21 Ancora sui CTP: Gli utenti non sono più solo fasce deboli e non tornano a scuola solo per riacciuffare uno standard minimo che una prima volta è stato mancato. Sono in prevalenza giovani (al di sotto dei 45 anni), per lo più occupati e in possesso di diplomi, talora anche di lauree.

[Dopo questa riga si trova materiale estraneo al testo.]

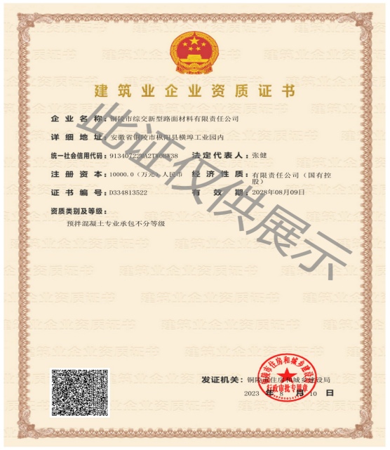 2023年8月,綜交新材料公司順利獲得建筑業(yè)企業(yè)預拌混凝土資質證書,該項資質的取得,標志著綜交新材料公司在行業(yè)內的重大突破,進一步提升了在建筑行業(yè)內的業(yè)務拓展能力和市場競爭力,更好地服務于G3銅陵長江公鐵大橋、G330一級公路改擴建工程、江北港鐵路專用線及江北新區(qū)發(fā)展等重點項目的建設,同時為綜交新材料公司在樅陽縣域混凝土市場上站穩(wěn)腳跟奠定堅實基礎。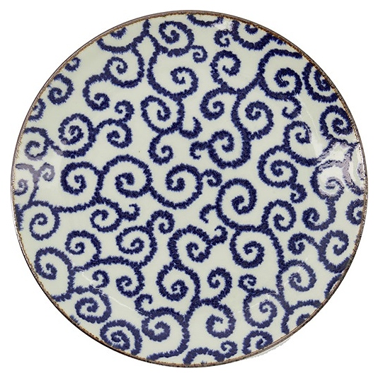 Тарелка Tokyo Design 18904 коллекции Karakusa используется в барах, ресторанах, на других предприятиях общественного питания и в домашних условиях для подачи различных блюд. Емкость круглого сечения оснащена плавно расширенным к кромке бортом. Изделие выполнено из высококачественного фарфора с декором поверхности арабесками с темно-синими завитками травяных стеблей на белом фоне и коричневым кантом на кромке. Цена указана за 1 шт. Особенности:

L’impegno dei CTP nell’alfabetizzazione linguistica e sociale degli stranieri (cieca 70.000 ogni anno), nella formazione culturale nelle carceri e in altri luoghi della sofferenza sociale, nell’accompagnamento all’inserimento lavorativo di giovani marginali, non oscura il fatto che lo straordinario successo della nuova offerta formativa è legato principalmente a proposte formative che rispondono ad altri bisogni emergenti. 21

22 Tutto ciò funziona in quanto riesca: -ad intercettare bisogni effettivamente presenti nella popolazione; -a trovare supporto nella interazione con le istituzioni locali e, attraverso questa via, a declinarsi anche sulla formazione permanente di risorse pubbliche comunitarie e nazionali; -ad essere capace di creare alleanze ed integrazioni tra risorse diverse, pubbliche, private, del privato sociale; -a costruire contesti che incoraggino l’accesso alla formazione anche dei pubblici sfavoriti e l’integrazione di settori e gruppi marginali; - quando incontra istituzioni (di cui quelle che appartengono al sistema formativo sono parte fondamentale) dotate di un certo grado di consapevolezza dell’importanza del life long learning per la qualità dello sviluppo. 22

23 I tempi sembrerebbero maturi per lo sviluppo di politiche formative non limitate alla sola formazione continua, capaci di sviluppare interesse e partecipazione all’apprendimento anche oltre la necessità del lavoro. Ciò è imposto dalla persistenza della domanda assente in determinati e tutt’altro che marginali settori di popolazione, mentre per altri vale la consueta regola per cui è proprio chi ha più e meglio appreso che è più interessato ad apprendere ancora.